• **Try it**
Omit every picture, then return each line of the data below exactly.

• **Data**
————————
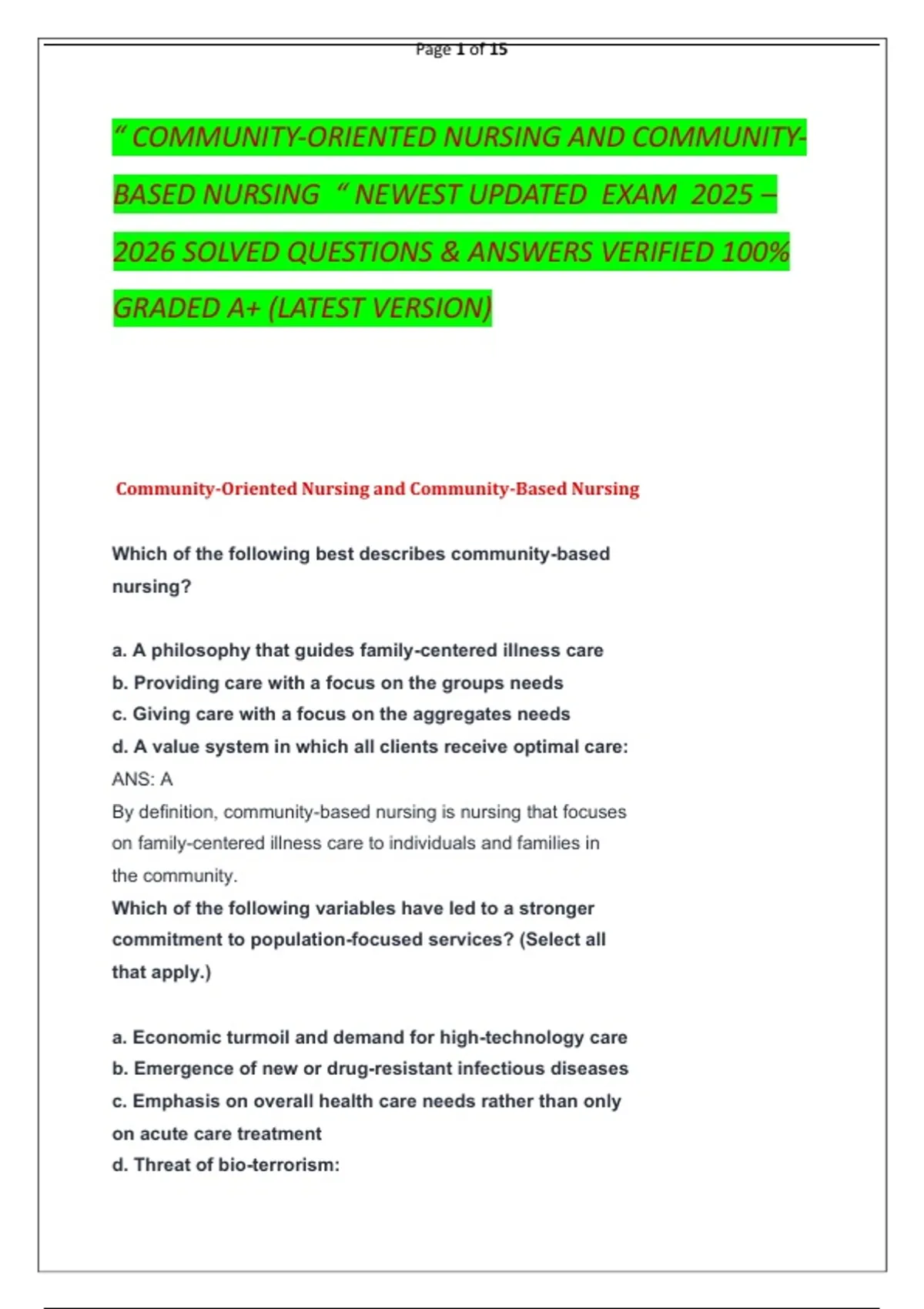 “ COMMUNITY-ORIENTED NURSING AND COMMUNITY BASED NURSING “ NEWEST UPDATED EXAM 2025 – 2026 SOLVED QUESTIONS & ANSWERS VERIFIED 100% GRADED A+ (LATEST VERSION)
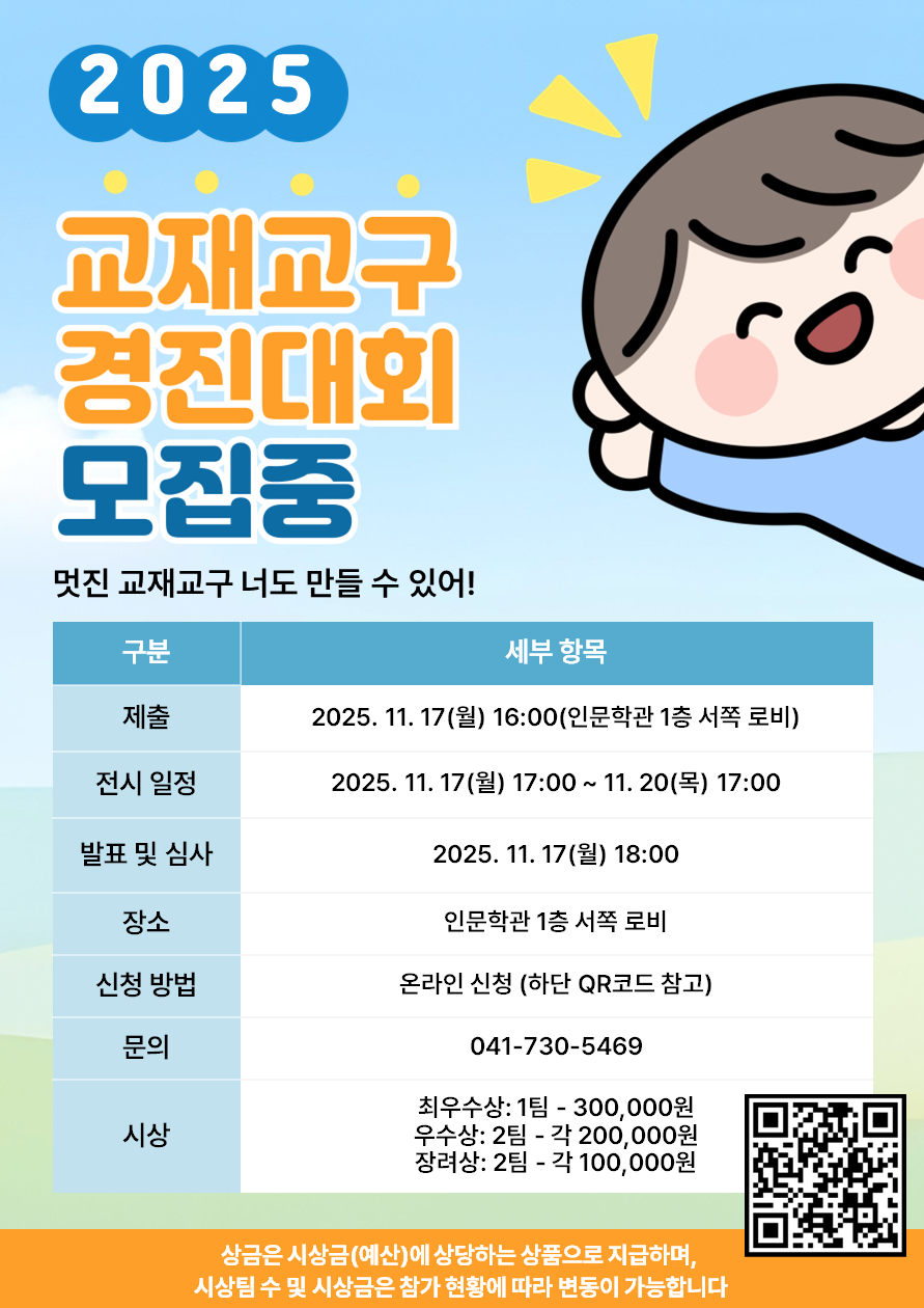 | 제목 | 2025학년도 수업실연 경진대회 및 교재교구 경진대회 안내 | ||||
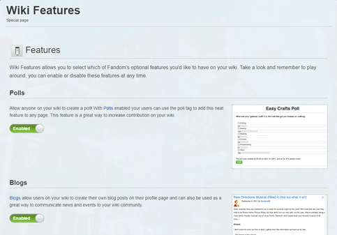 Wiki Features is a Special Page that allows admins and founders to enable or disable some of...
————————
• **Answer to this task**
 “ COMMUNITY-ORIENTED NURSING AND COMMUNITY BASED NURSING “ NEWEST UPDATED EXAM 2025 – 2026 SOLVED QUESTIONS & ANSWERS VERIFIED 100% GRADED A+ (LATEST VERSION)
 | 제목 | 2025학년도 수업실연 경진대회 및 교재교구 경진대회 안내 | ||||
 Wiki Features is a Special Page that allows admins and founders to enable or disable some of...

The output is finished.